§ INFORMATION PROVIDED
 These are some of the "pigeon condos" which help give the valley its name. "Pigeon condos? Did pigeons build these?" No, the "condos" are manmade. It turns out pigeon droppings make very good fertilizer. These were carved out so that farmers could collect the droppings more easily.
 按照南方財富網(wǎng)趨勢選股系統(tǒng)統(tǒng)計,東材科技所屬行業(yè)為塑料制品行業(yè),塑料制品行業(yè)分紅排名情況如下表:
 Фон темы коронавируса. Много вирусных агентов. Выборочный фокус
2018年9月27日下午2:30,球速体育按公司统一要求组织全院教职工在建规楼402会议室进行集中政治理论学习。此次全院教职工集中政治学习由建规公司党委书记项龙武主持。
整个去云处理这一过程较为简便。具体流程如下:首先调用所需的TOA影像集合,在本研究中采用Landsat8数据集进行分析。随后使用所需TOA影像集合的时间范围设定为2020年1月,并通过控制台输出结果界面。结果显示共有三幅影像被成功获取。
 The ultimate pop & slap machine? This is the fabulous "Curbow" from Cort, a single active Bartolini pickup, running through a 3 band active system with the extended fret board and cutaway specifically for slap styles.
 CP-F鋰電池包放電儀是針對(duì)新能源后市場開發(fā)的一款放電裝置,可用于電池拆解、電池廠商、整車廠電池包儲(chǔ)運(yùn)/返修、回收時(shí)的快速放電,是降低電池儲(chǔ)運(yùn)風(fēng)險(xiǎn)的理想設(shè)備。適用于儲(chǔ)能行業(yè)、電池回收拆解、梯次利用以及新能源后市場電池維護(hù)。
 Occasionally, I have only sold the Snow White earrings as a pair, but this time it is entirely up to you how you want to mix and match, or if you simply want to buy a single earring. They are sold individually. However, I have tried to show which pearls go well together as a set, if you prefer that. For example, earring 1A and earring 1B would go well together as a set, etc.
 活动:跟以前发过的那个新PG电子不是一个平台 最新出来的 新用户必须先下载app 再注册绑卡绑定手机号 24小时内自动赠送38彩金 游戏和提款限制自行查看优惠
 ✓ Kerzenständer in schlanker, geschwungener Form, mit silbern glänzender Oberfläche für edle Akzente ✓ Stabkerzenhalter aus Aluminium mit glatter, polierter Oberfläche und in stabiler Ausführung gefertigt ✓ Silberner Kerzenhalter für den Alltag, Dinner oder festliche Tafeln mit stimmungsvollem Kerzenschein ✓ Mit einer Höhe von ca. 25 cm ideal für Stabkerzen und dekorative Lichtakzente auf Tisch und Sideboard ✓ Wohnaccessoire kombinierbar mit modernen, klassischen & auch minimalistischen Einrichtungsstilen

§ TASK GOAL
Look through the records above for the string "single", then copy every line that has it.

§ TASK SOLUTION
 The ultimate pop & slap machine? This is the fabulous "Curbow" from Cort, a single active Bartolini pickup, running through a 3 band active system with the extended fret board and cutaway specifically for slap styles.
 Occasionally, I have only sold the Snow White earrings as a pair, but this time it is entirely up to you how you want to mix and match, or if you simply want to buy a single earring. They are sold individually. However, I have tried to show which pearls go well together as a set, if you prefer that. For example, earring 1A and earring 1B would go well together as a set, etc.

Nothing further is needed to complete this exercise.